[Items from a dataset]
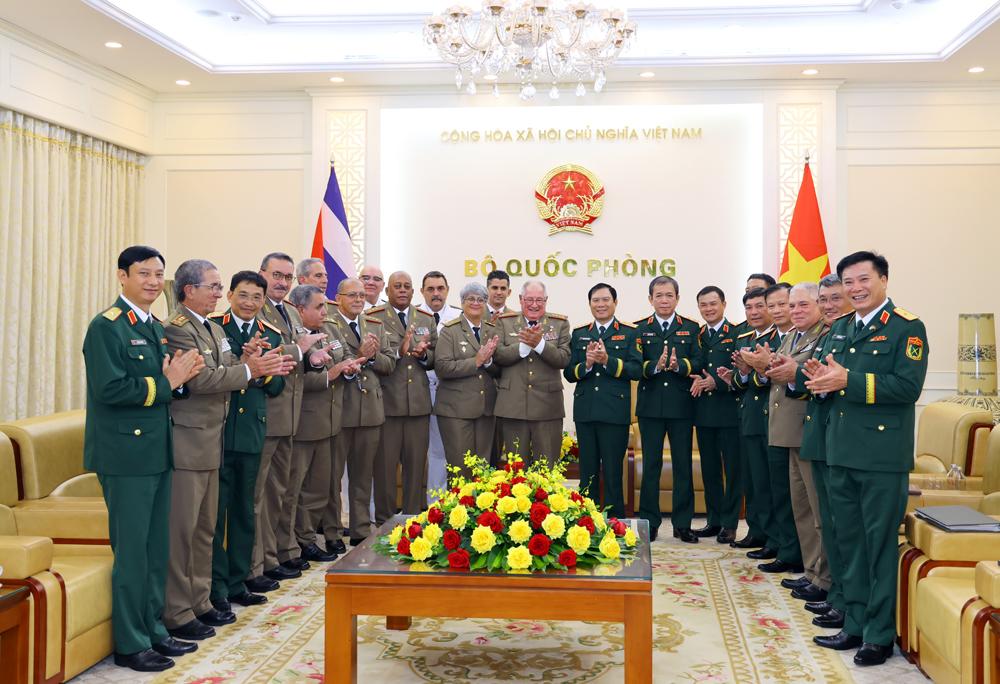 Đại tướng Nguyễn Tân Cương và Thượng tướng Álvaro López Miera chụp ảnh chung cùng các đại biểu.
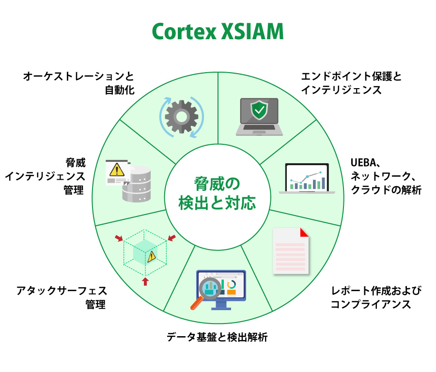 Cortex XSIAM は EDR、XDR、SOAR、ASM、UEBA、TIM、SIEM などトップクラスのセキュリティ運用機能を統合した、AI主導のセキュリティ運用プラットフォームです。AIと自動化を活用したセキュリティ運用の簡素化、既知・未知を問わない効率的な脅威防御、インシデントの早期対応により、アナリストが重大インシデントに注力できるように支援します。
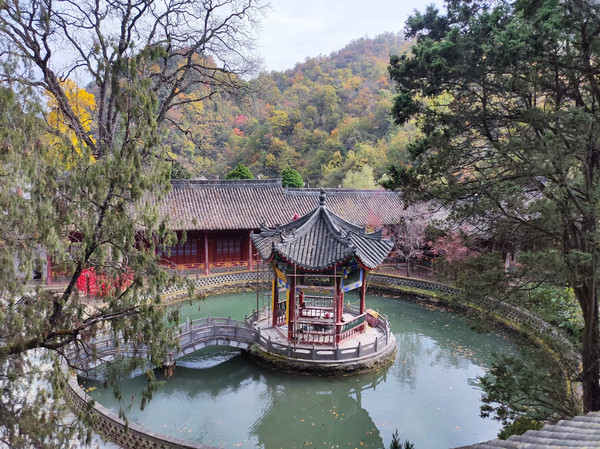 下山时走了另外一条路,直接到了一个院子里面,园中有池,池中有一辟谷亭,二楼看养眼。
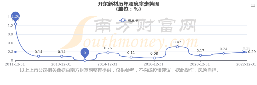 開(kāi)爾新材歷年股息率走勢(shì)如下圖:
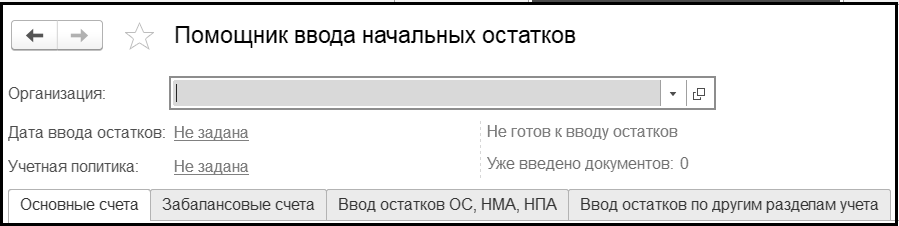 Отметим, что до ввода остатков, требуется выбрать организацию, для которой необходимо вводить остатки, указать для нее параметры учетной политики и выбрать дату ввода остатков.
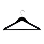 With its easy curves and flat arms, this hanger is designed to elegantly showcase your apparel. The integrated wooden bar is perfect for hanging trousers or skirts, while shoulder notches securely hold clothing items with straps or loops.
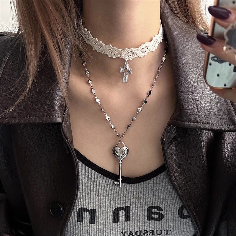甜酷白色蕾丝十字架绑带choker叠戴爱心钥匙项链女小众设计感颈链
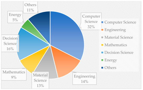 Figure 5 depicts the distribution of the selected studies in terms of subject areas. The highest percentage of studies was found in the field of computer science (32%), followed by decision science (16%), which was followed by engineering (14%), material science (13%), others (11%), mathematics (9%) and energy (5%). This indicates that in comparison with other fields of study, computer science has performed more investigation of the use of AI methods for IoT cybersecurity threats.
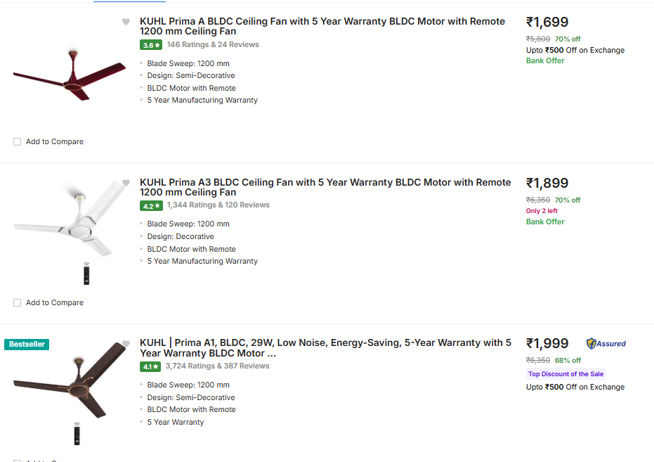 Kuhl Fans Upto 70% Discount | Starting @ ₹1699 on Flipkart.
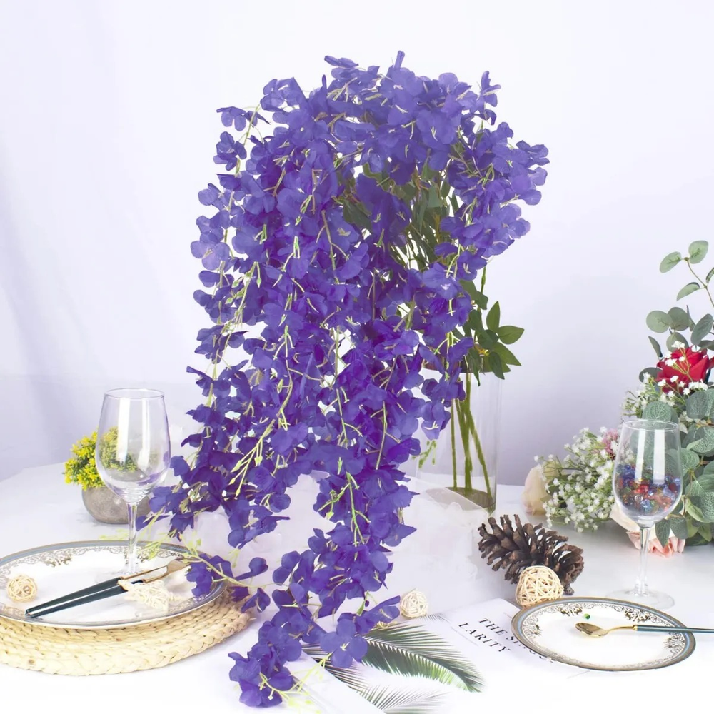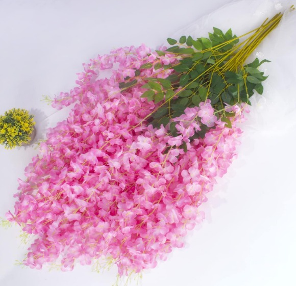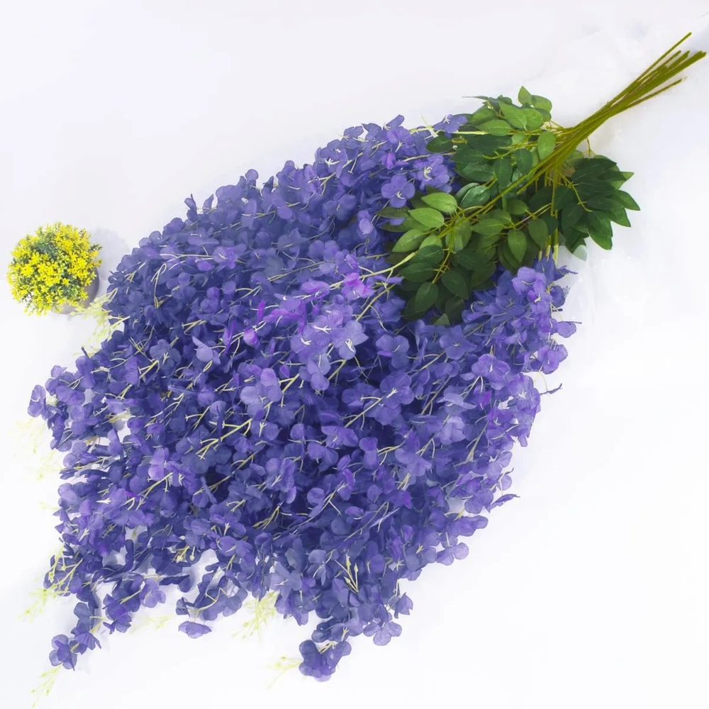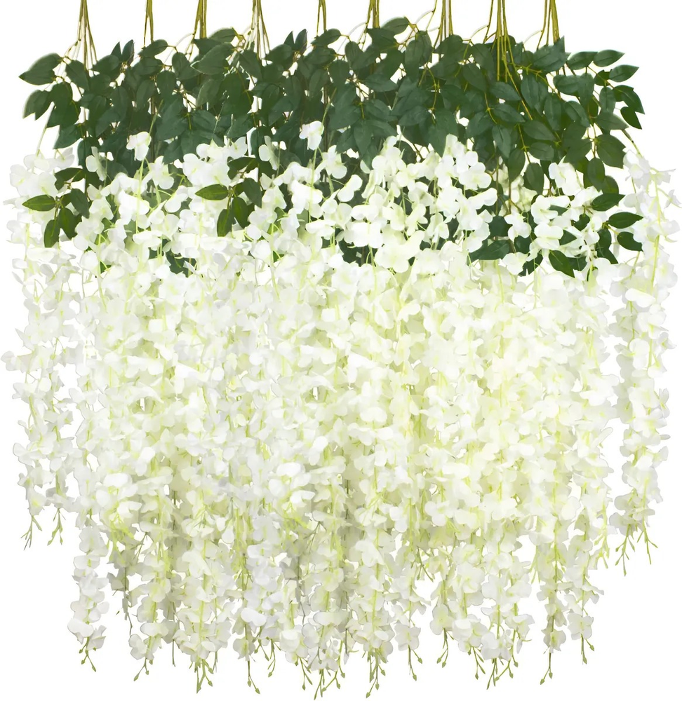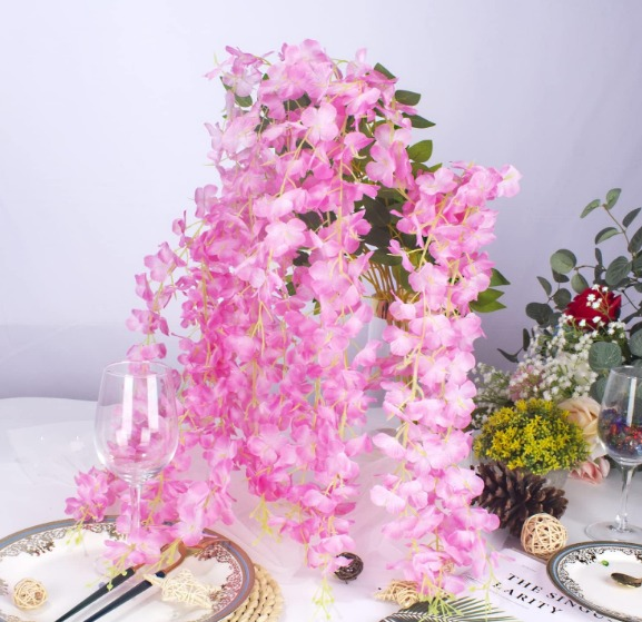Enredadera colgante con flores artificiales y hojas. Vienen varios colores.
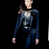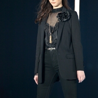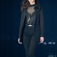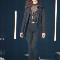 TGCの最初のステージは、スタイリスト・野口強氏プロデュースのステージ。70年代のヨーロッパのファッションをオマージュ。新木は黒のスーツに身を包み、レースのブラウスも印象的。イギー・ポップの「Lust For Life」に乗せて、クールな表情でランウェイを歩いた。
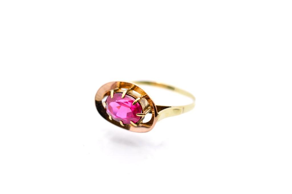 Zlatý prsten o ryzosti 585/1000, punc čejka, váha 1,95 g, velikost 52,5, v nejširším bodě 10 mm. Kámen je syntetický.
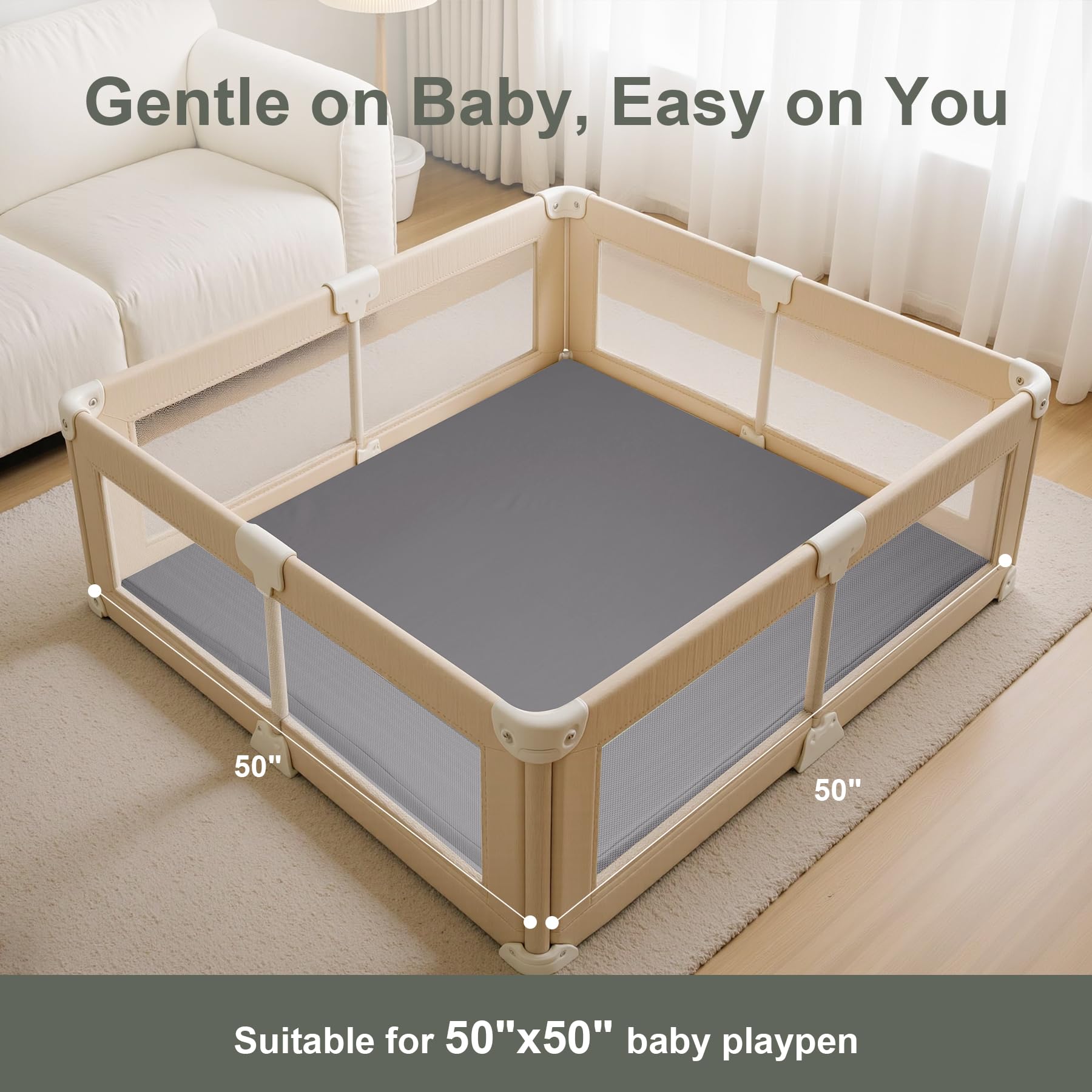 Non-Slip & Safe Play Area: The playmat can be functional and cozy for baby's activity! The crawling mat measures 50x50x1.3 inches, making it perfect for a 50x50 baby playpen.With its medium-firm cushioning, the mat ensures optimal support for your baby's crawling, sitting, or learning to stand, while offering a soft and safe surface for play.

** Problem **
Once the pictures are set aside, reproduce the records in full and exactly.

** Answer box **
 Đại tướng Nguyễn Tân Cương và Thượng tướng Álvaro López Miera chụp ảnh chung cùng các đại biểu.
 Cortex XSIAM は EDR、XDR、SOAR、ASM、UEBA、TIM、SIEM などトップクラスのセキュリティ運用機能を統合した、AI主導のセキュリティ運用プラットフォームです。AIと自動化を活用したセキュリティ運用の簡素化、既知・未知を問わない効率的な脅威防御、インシデントの早期対応により、アナリストが重大インシデントに注力できるように支援します。
 下山时走了另外一条路,直接到了一个院子里面,园中有池,池中有一辟谷亭,二楼看养眼。
 開(kāi)爾新材歷年股息率走勢(shì)如下圖:
 Отметим, что до ввода остатков, требуется выбрать организацию, для которой необходимо вводить остатки, указать для нее параметры учетной политики и выбрать дату ввода остатков.
 With its easy curves and flat arms, this hanger is designed to elegantly showcase your apparel. The integrated wooden bar is perfect for hanging trousers or skirts, while shoulder notches securely hold clothing items with straps or loops.
甜酷白色蕾丝十字架绑带choker叠戴爱心钥匙项链女小众设计感颈链
 Figure 5 depicts the distribution of the selected studies in terms of subject areas. The highest percentage of studies was found in the field of computer science (32%), followed by decision science (16%), which was followed by engineering (14%), material science (13%), others (11%), mathematics (9%) and energy (5%). This indicates that in comparison with other fields of study, computer science has performed more investigation of the use of AI methods for IoT cybersecurity threats.
 Kuhl Fans Upto 70% Discount | Starting @ ₹1699 on Flipkart.
Enredadera colgante con flores artificiales y hojas. Vienen varios colores.
 TGCの最初のステージは、スタイリスト・野口強氏プロデュースのステージ。70年代のヨーロッパのファッションをオマージュ。新木は黒のスーツに身を包み、レースのブラウスも印象的。イギー・ポップの「Lust For Life」に乗せて、クールな表情でランウェイを歩いた。
 Zlatý prsten o ryzosti 585/1000, punc čejka, váha 1,95 g, velikost 52,5, v nejširším bodě 10 mm. Kámen je syntetický.
 Non-Slip & Safe Play Area: The playmat can be functional and cozy for baby's activity! The crawling mat measures 50x50x1.3 inches, making it perfect for a 50x50 baby playpen.With its medium-firm cushioning, the mat ensures optimal support for your baby's crawling, sitting, or learning to stand, while offering a soft and safe surface for play.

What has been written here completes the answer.